Tommie-Lee is the third child to die in the UK since “chroming,” otherwise known as huffing paint, suddenly became a new TikTok craze. Two teenage girls died from it previously. Tommie-Lee’s mother is now begging other parents to not let their kids have the social media app.

It’s amazing that so many parents have failed to recognize all this time that TikTok is a psychological weapon that China is using against the youth in Western civilization. In Communist China, TikTok is filled with wholesome educational videos. In the US and the UK, it’s filled with videos of transgender weirdness, eating Tide pods, and now huffing paint.

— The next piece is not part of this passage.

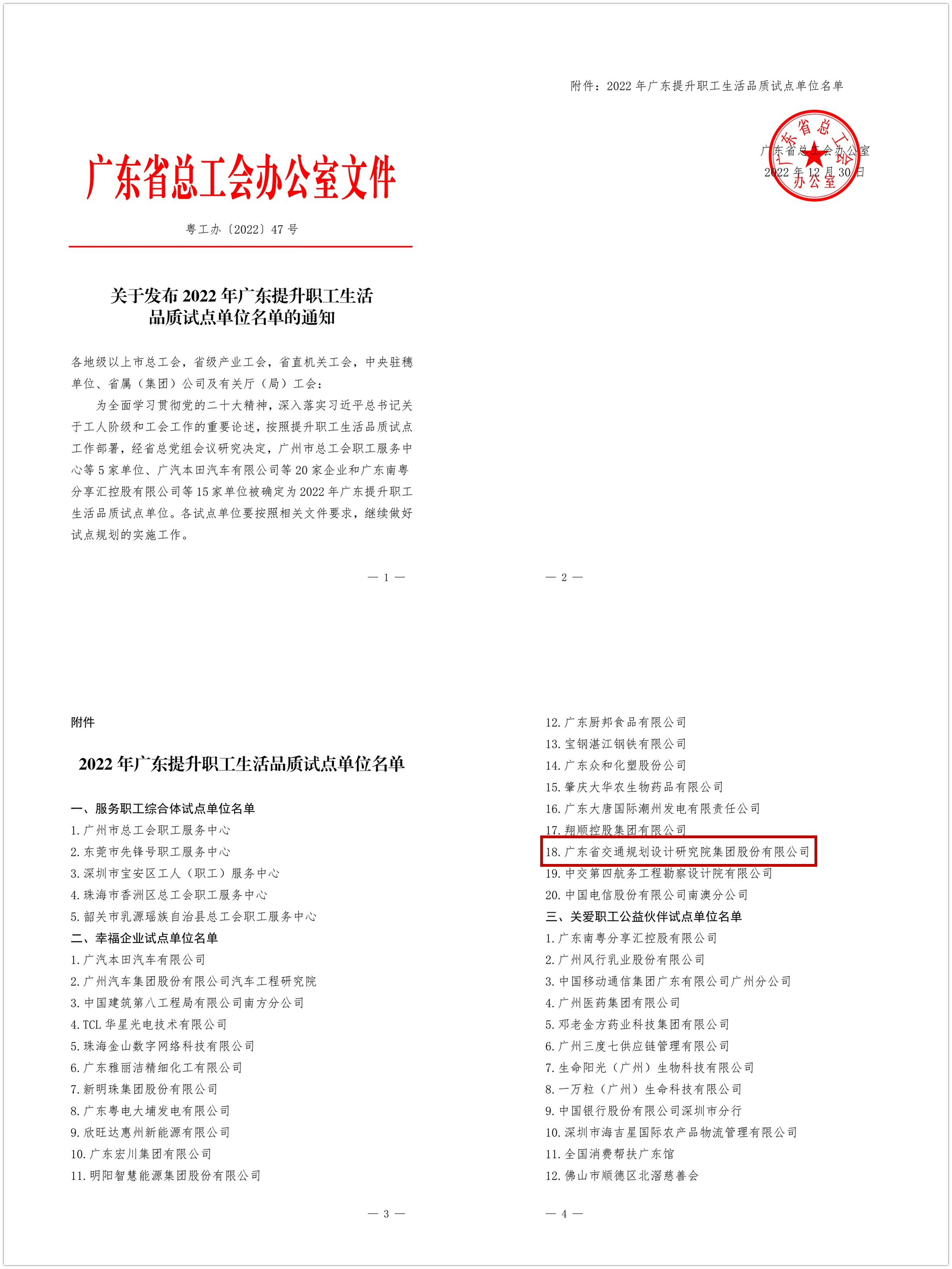近日,從廣東省總工會傳來喜訊,集團(tuán)經(jīng)廣東省交通工會推薦,報廣東省總工會評審?fù)ㄟ^,被確定為2022年廣東提升職工生活品質(zhì)(幸福企業(yè))試點單位,是廣東省交通運輸系統(tǒng)唯一入選單位(全省共20家幸福試點企業(yè))。

Even as Congress pushed to move forward with legislation that would force divestiture from the Chinese, TikTok enlisted tens of thousands of teenagers and children in the US—some as young as 6—to launch an opposition campaign to it. Congress was flooded with tens of thousands of calls last week from American kids. Many of the kids threatened to kill themselves if TikTok is shut down (which the bill doesn’t do).

“I will kill you if you f**king shut down TikTok,” a teenage boy warned one US Representative in a voicemail. “I will really really f**k you up. So don’t shut down TikTok. Bye bye!”

It’s clear that TikTok exercises incredible power over children’s minds. The question is why it’s taken Congress so long to do something that President Donald Trump warned them to do years ago.